*Activity*: What's needed is an exact retyping of the lines from the start of the listing up to and including the line with "HashMap 구조로 되어", minus any pictures.
[Material for this task Boundary: Start]
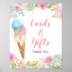 Letrero de tarjetas y regalos de helado pastel para baby shower y boda con brillo dorado
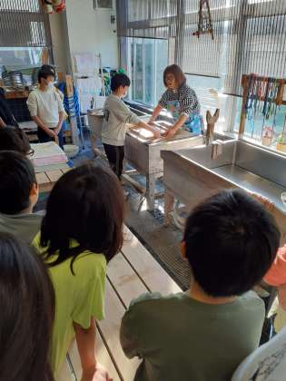 山崎小学校の紙漉き教室を訪れました。
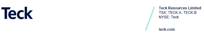 TECK.B and the New York Stock Exchange under the symbol TECK. Learn more about Teck at www.teck.com
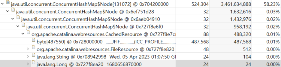 HashMap 구조로 되어 있는 org.apache.catlina.webresources.CachedResource에서 메모리를 대부분 점유하고 있는게 아니겠어요?
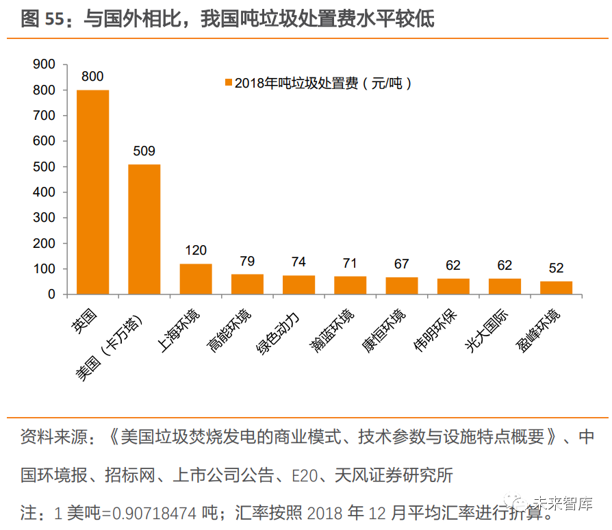 相較于流化床技術(shù),爐排爐技術(shù)因垃圾瀝水量較多、鍋爐效率較高等原因,具有更高的噸上網(wǎng)量,從而帶動垃圾焚燒發(fā)電企業(yè)盈利能力提升。中溫次高壓技術(shù)逐步得到推廣。在過去,受限于生活垃圾的復雜性以及焚燒發(fā)電技術(shù)處理水平有限,國內(nèi)垃圾焚燒電廠基本采用中溫中壓蒸汽參數(shù)來防止過熱器等受熱面管高溫腐蝕。但據(jù)《生活垃圾焚燒廠噸垃圾發(fā)電量的研究分析》研究表明,垃圾熱值相近的情況下, 使用中溫次高壓參數(shù)時發(fā)電量更高。隨著我國垃圾分類的推進及焚燒發(fā)電技術(shù)日益成熟, 部分焚燒廠率先使用中溫次高壓技術(shù)來提高發(fā)電效率。例如在 2009 年,深能源投資的武漢市江北西部垃圾焚燒廠、福建創(chuàng)冠投資的湖北黃石垃圾焚燒發(fā)電廠、在建的北京廊坊垃圾焚燒發(fā)電項目等先后采用中溫次高壓技術(shù),在國內(nèi)掀起應用熱潮,中溫次高壓技術(shù)也逐步得到推廣,進一步提升噸發(fā)電量。3.2.3. 噸發(fā)電量較國外仍有較大提升空間我國噸發(fā)電量較發(fā)達國家仍有差距,未來提升空間較大。深圳市生活垃圾處理監(jiān)管中心發(fā)布的文章顯示,美國生活垃圾熱值可達到我國目前平均水平的兩倍,美國生活垃圾焚燒噸發(fā)電量也在 600kWh 以上,表明我國生活垃圾熱值及噸發(fā)電量仍有較大提升空間。展望未來,垃圾分類制度仍在持續(xù)推進,焚燒企業(yè)的處理工藝仍在不斷優(yōu)化,噸發(fā)電量提升未來可期,垃圾焚燒企業(yè)盈利能力有望得到持續(xù)優(yōu)化。
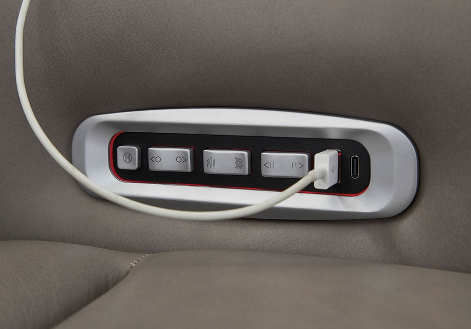 One-touch power control with adjustable positions, Easy View™ adjustable headrest and zero-draw USB port. Zero-draw technology only consumes power when the USB receptacle is in use. Zero-gravity mechanism allows optimum reclining comfort with infinite reclining positions at the touch of a button. Corner-blocked frame with metal reinforced seat; attached cushions; high-quality foam cushions wrapped in poly fiber. 100% top grain leather covers inside areas such as the back, seat and arm cushions; skillfully matched faux leather covers the remaining areas. Due to its natural origin, real leather can show individual characteristics such as healed scars, growth marks, grain variation and shade variation. Natural variations make each hide unique and do not detract from the wearing qualities of leather. Heat and massage function covers 5 zones: head, neck, upper and lower shoulders and lumbar. Air massage system with automatic 30-minute shutoff feature. Heat in the seat element with automatic 30-minute shutoff feature. Center console with 2 cup holders and hidden storage.
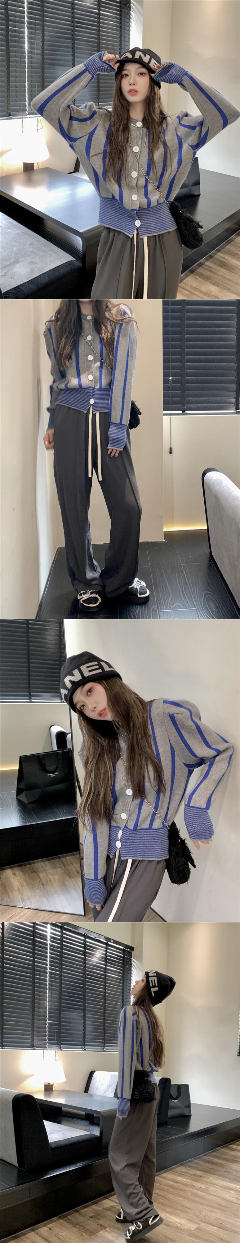 レッドスタンダードストライプニットカーディガンオータムルーズトップス ロング レトロ 秋物 10/5 秋冬 オータム ウインター ナチュラル mi469761468149
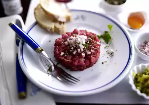 Fill the tartar into the rings and press it in. Remove aluminium foil from the tartar. Serve the tartar with the side dishes. So everybody can refine and season it himself. Baguette tastes good with it.
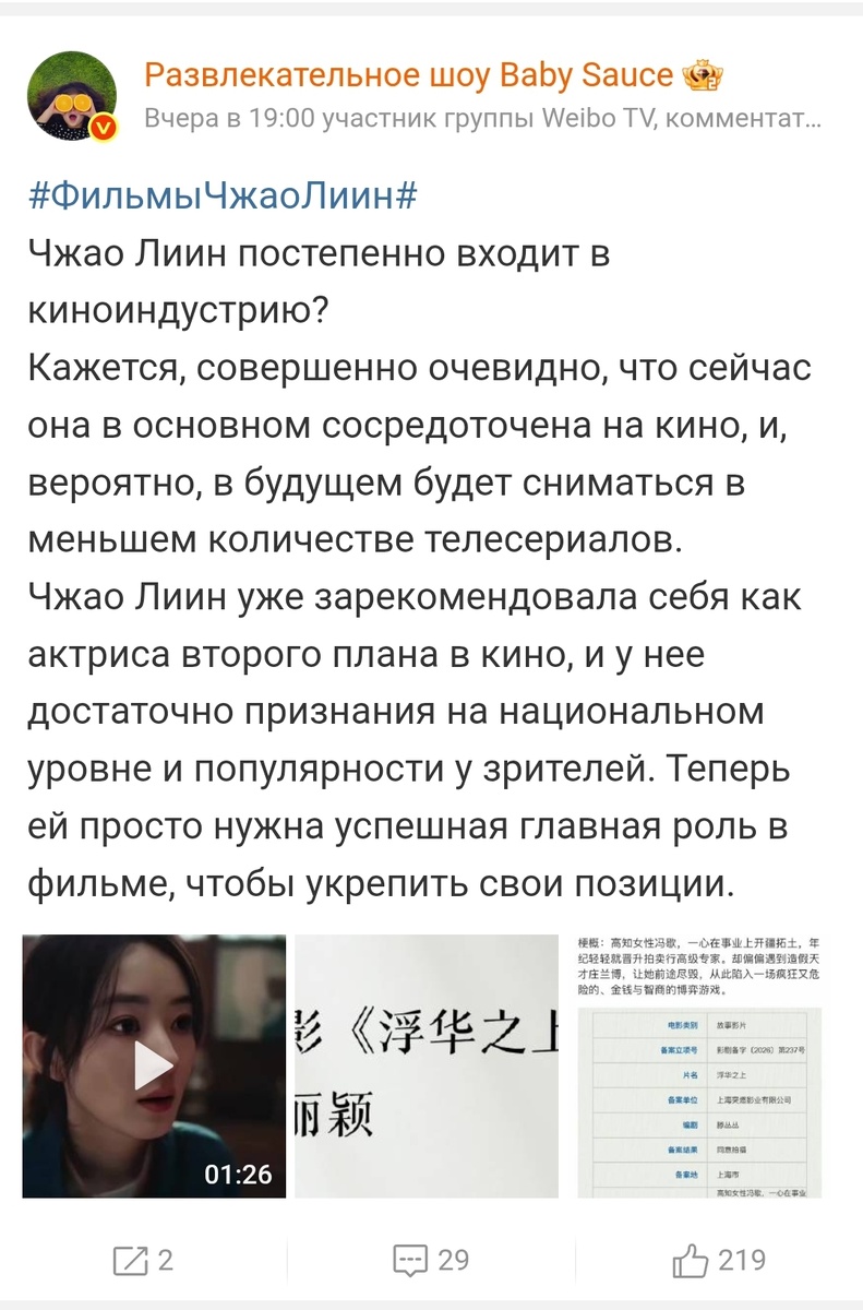 В интернете ходят слухи, что следующий фильм Чжао Лиин будет
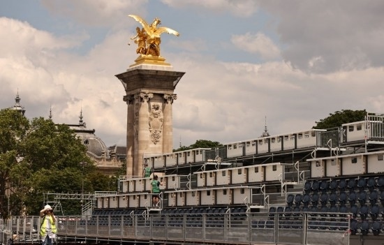 這是6月4日在位于法國(guó)巴黎市中心的亞歷山大三世橋拍攝的臨時(shí)比賽場(chǎng)地搭建現(xiàn)場(chǎng)。新華社記者 高靜 攝
[Material for this task Boundary: End]
*Result of this task*:
 Letrero de tarjetas y regalos de helado pastel para baby shower y boda con brillo dorado
 山崎小学校の紙漉き教室を訪れました。
 TECK.B and the New York Stock Exchange under the symbol TECK. Learn more about Teck at www.teck.com
 HashMap 구조로 되어 있는 org.apache.catlina.webresources.CachedResource에서 메모리를 대부분 점유하고 있는게 아니겠어요?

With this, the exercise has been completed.